'''

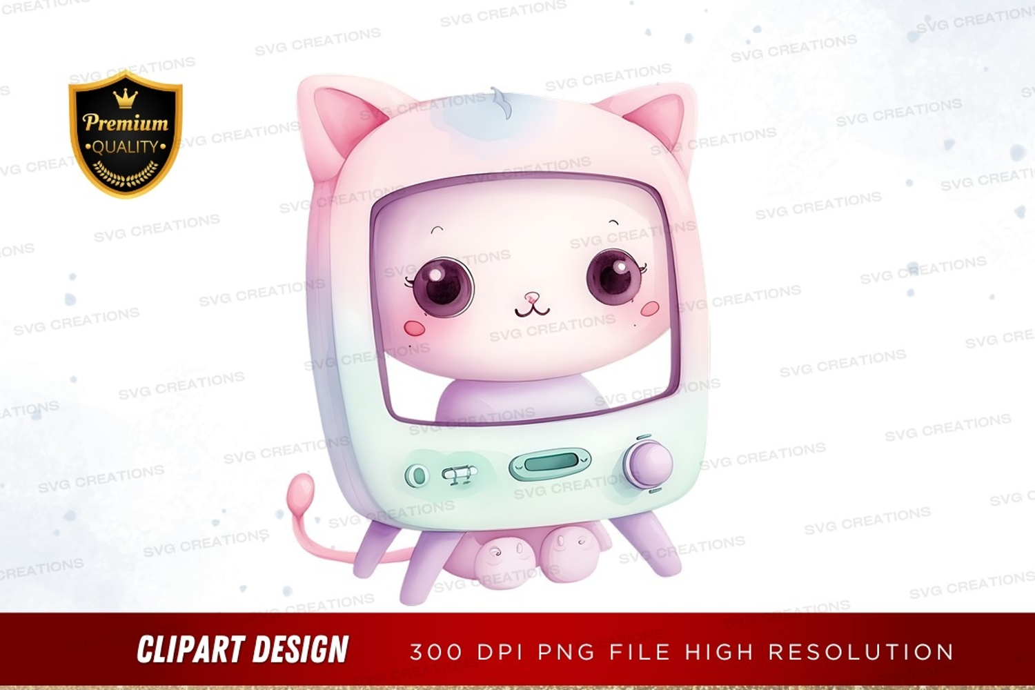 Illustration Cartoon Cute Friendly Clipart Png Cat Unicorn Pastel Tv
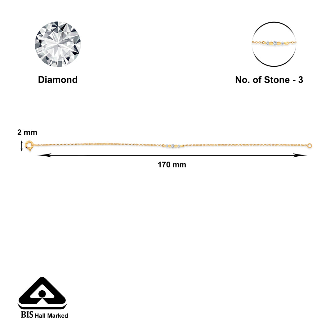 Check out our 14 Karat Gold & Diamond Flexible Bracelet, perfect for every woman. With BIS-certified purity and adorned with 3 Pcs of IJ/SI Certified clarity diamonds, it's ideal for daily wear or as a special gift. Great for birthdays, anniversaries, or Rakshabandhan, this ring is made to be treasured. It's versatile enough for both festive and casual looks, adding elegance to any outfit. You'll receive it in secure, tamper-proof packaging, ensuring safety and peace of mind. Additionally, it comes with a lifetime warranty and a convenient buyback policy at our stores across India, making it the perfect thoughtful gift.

'''
'''

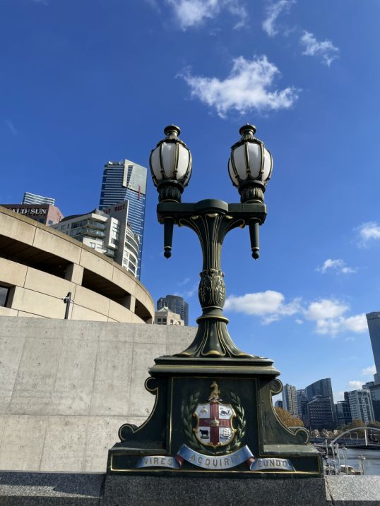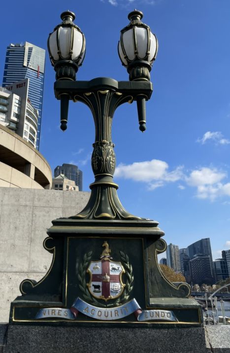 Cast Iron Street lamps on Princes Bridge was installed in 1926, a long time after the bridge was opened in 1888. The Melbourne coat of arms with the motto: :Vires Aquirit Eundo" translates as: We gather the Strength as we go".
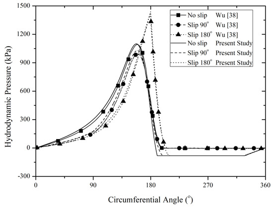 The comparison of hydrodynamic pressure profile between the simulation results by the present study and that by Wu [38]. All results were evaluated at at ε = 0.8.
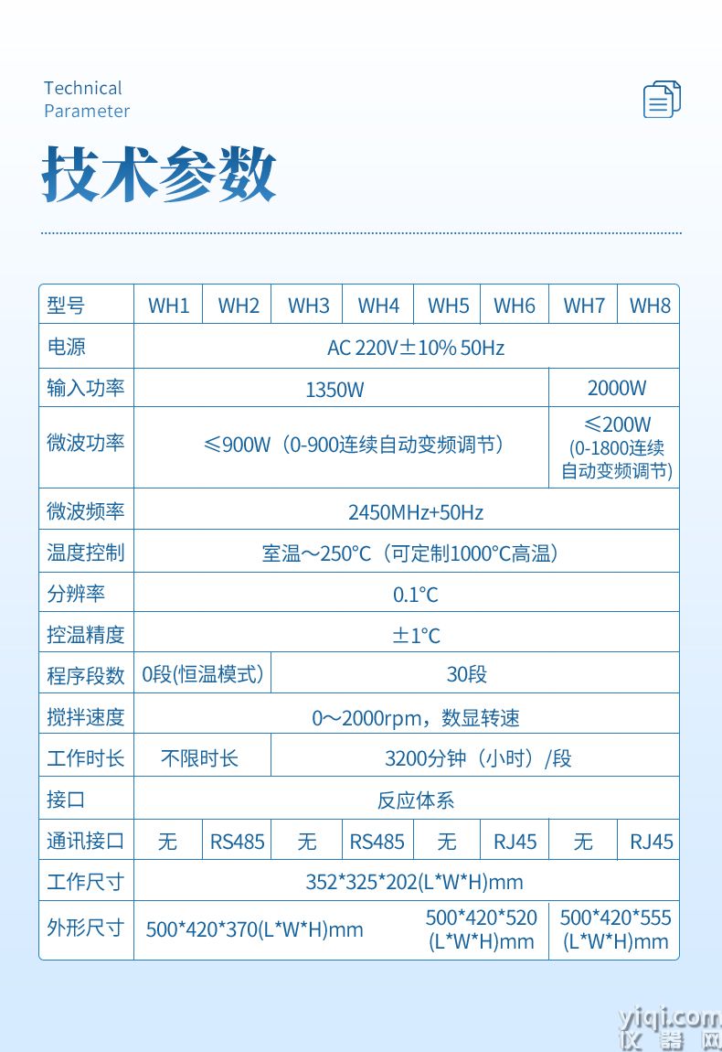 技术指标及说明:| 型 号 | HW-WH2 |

'''

WORK REQUEST:
Transcribe only this stretch of the data: the line with "Illustration Cartoon Cute", the line with "Check out our", and every line in between. Leave out the pictures.

ANSWER BOX:
 Illustration Cartoon Cute Friendly Clipart Png Cat Unicorn Pastel Tv
 Check out our 14 Karat Gold & Diamond Flexible Bracelet, perfect for every woman. With BIS-certified purity and adorned with 3 Pcs of IJ/SI Certified clarity diamonds, it's ideal for daily wear or as a special gift. Great for birthdays, anniversaries, or Rakshabandhan, this ring is made to be treasured. It's versatile enough for both festive and casual looks, adding elegance to any outfit. You'll receive it in secure, tamper-proof packaging, ensuring safety and peace of mind. Additionally, it comes with a lifetime warranty and a convenient buyback policy at our stores across India, making it the perfect thoughtful gift.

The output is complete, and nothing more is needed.